*What to work on*:
Each line below must be reproduced exactly as it stands. Pictures stay out of the copy.

*Collected data*:
# # # #

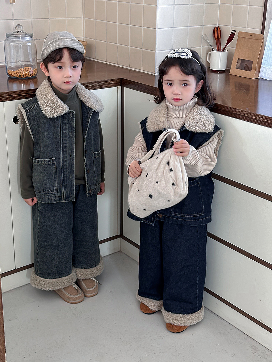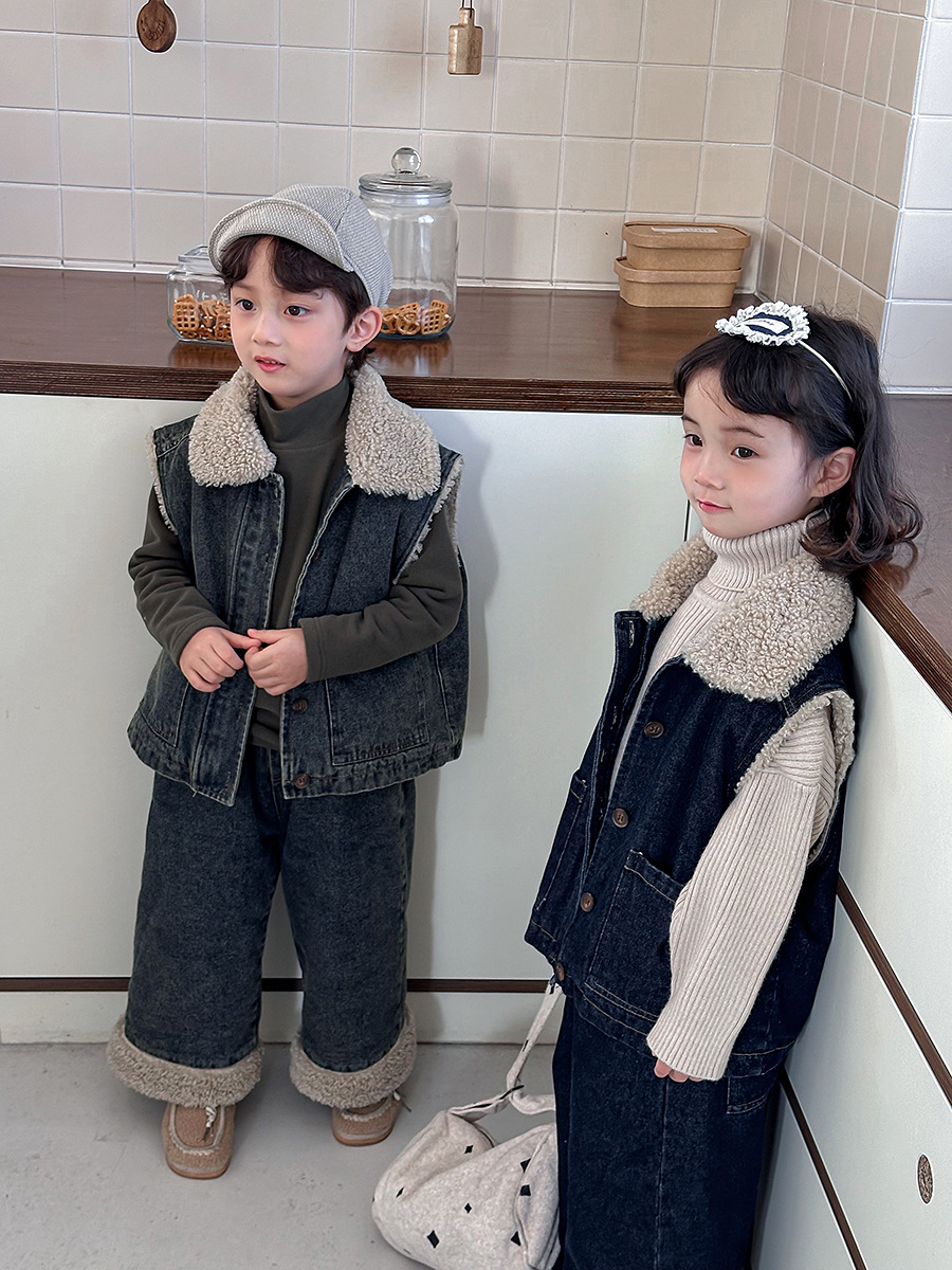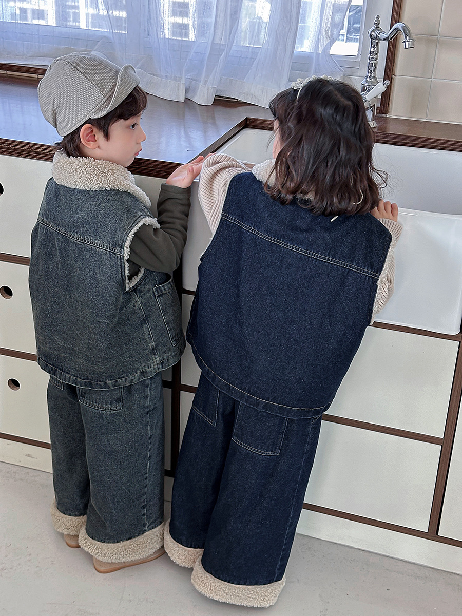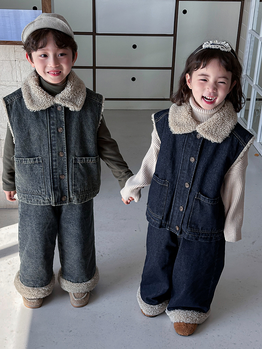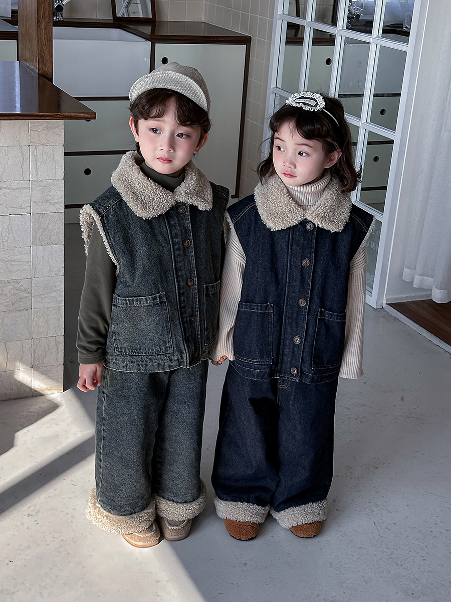 지아예 어린이 제품 2025 남아용 겨울 양털 데님 조끼 코트 중소형 어린이용 두꺼운 와이드 팬츠 투피스 세트스토어 가기
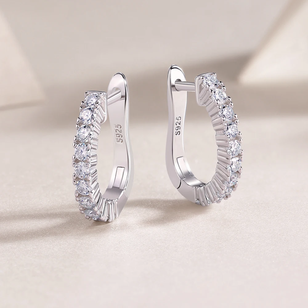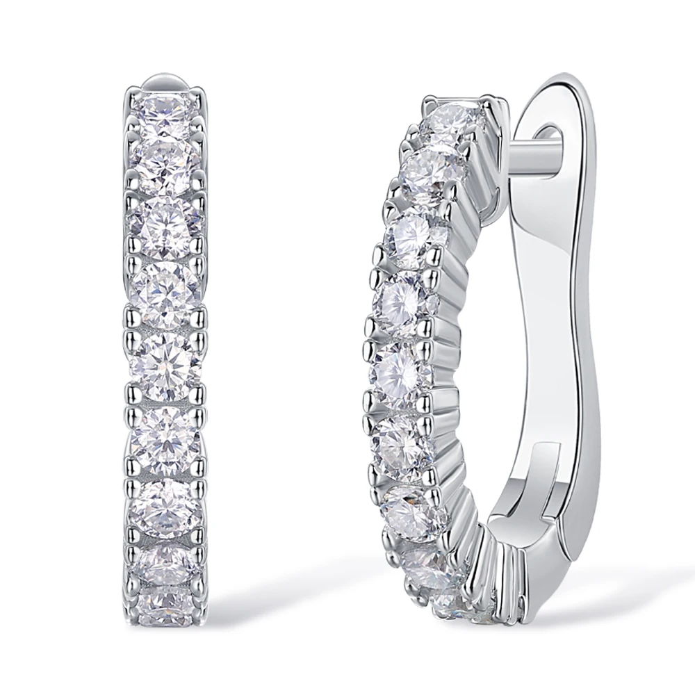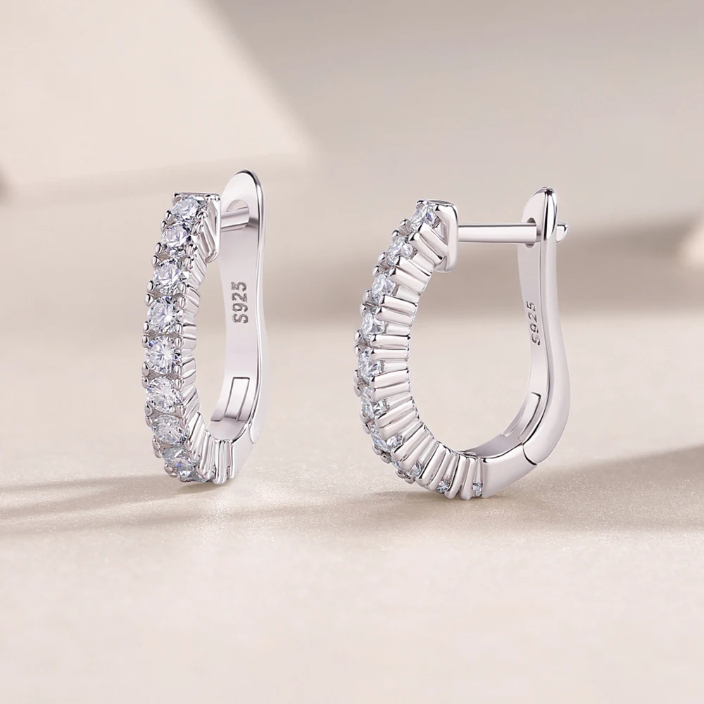 Elevate your everyday elegance with these certified 925 sterling silver hoop earrings, featuring lab-created moissanite stones with exceptional brilliance. The 18K gold plating delivers a luxurious finish that resists tarnishing, while the minimalist design complements any style—from casual to sophisticated. Perfect for those seeking timeless jewelry that combines durability with contemporary appeal. Ideal for pierced ears and suitable for sensitive skin. A versatile investment piece that transitions seamlessly from day to night.
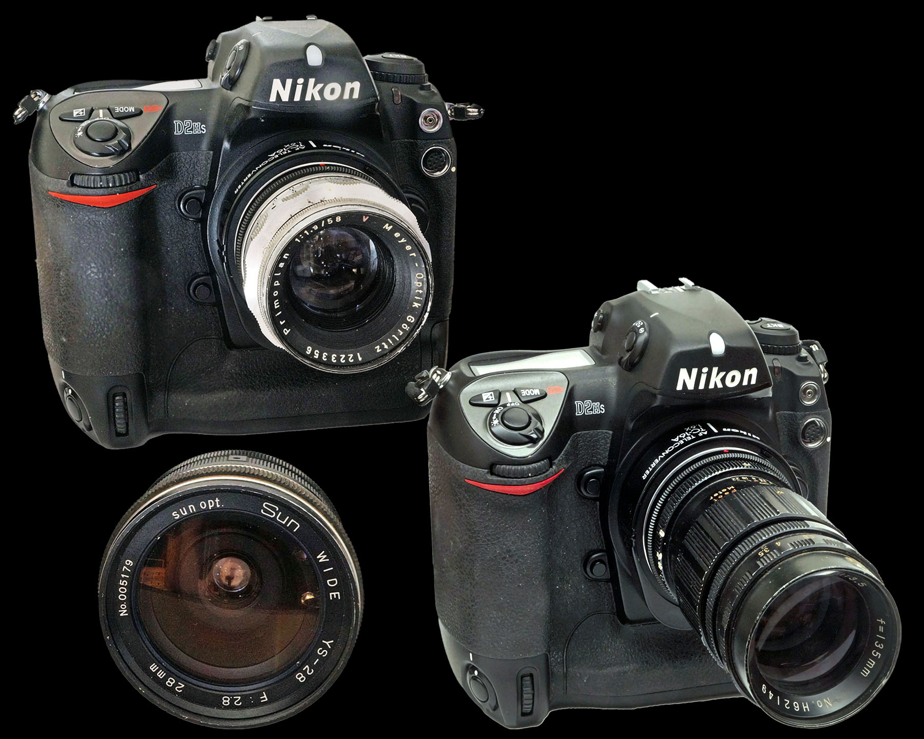Entsprechend habe ich Jahre später ein Meyer-Optik Görlitz Primoplan 1:1,9/58 V und ein SUN WIDE YS-28 F:2.8 28mm per M42-/Nikon F-Adapter MIT Korrekturlinse kurzerhand auf die mit dem TC-16A versehene Nikon D2Hs montiert. Und später noch ein SUN 1:3.5 f=135mm auf die Nikon D2Hs mit TC-16A.
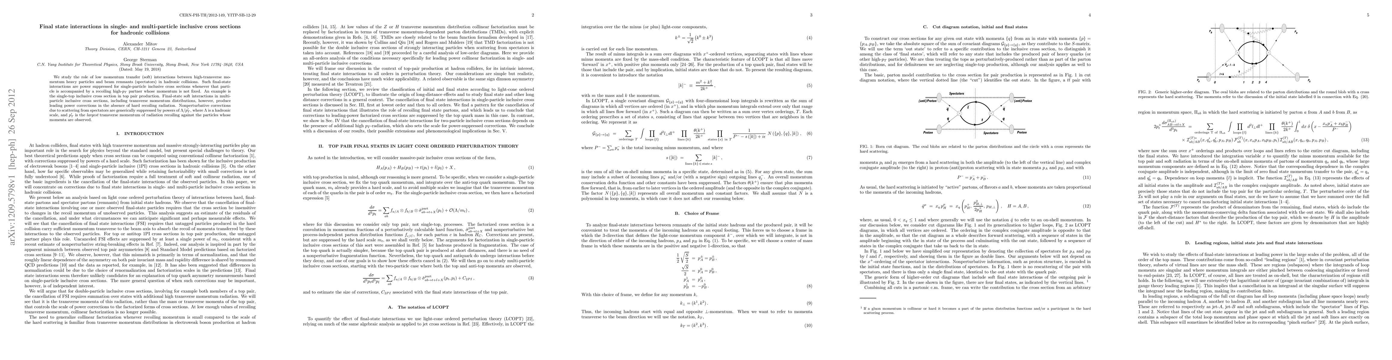 This paper investigates the impact of low momentum transfer interactions in final states during hadronic collisions, showing that such interactions are power suppressed in single-particle inclusive cross sections but lead to significant corrections in multi-particle inclusive cross sections, especially in transverse momentum distributions. Nonperturbative effects from spectator interactions are suppressed by factors of \Lambda/p'_T.

# # # #

*Reply to the task*:
 지아예 어린이 제품 2025 남아용 겨울 양털 데님 조끼 코트 중소형 어린이용 두꺼운 와이드 팬츠 투피스 세트스토어 가기
 Elevate your everyday elegance with these certified 925 sterling silver hoop earrings, featuring lab-created moissanite stones with exceptional brilliance. The 18K gold plating delivers a luxurious finish that resists tarnishing, while the minimalist design complements any style—from casual to sophisticated. Perfect for those seeking timeless jewelry that combines durability with contemporary appeal. Ideal for pierced ears and suitable for sensitive skin. A versatile investment piece that transitions seamlessly from day to night.
Entsprechend habe ich Jahre später ein Meyer-Optik Görlitz Primoplan 1:1,9/58 V und ein SUN WIDE YS-28 F:2.8 28mm per M42-/Nikon F-Adapter MIT Korrekturlinse kurzerhand auf die mit dem TC-16A versehene Nikon D2Hs montiert. Und später noch ein SUN 1:3.5 f=135mm auf die Nikon D2Hs mit TC-16A.
 This paper investigates the impact of low momentum transfer interactions in final states during hadronic collisions, showing that such interactions are power suppressed in single-particle inclusive cross sections but lead to significant corrections in multi-particle inclusive cross sections, especially in transverse momentum distributions. Nonperturbative effects from spectator interactions are suppressed by factors of \Lambda/p'_T.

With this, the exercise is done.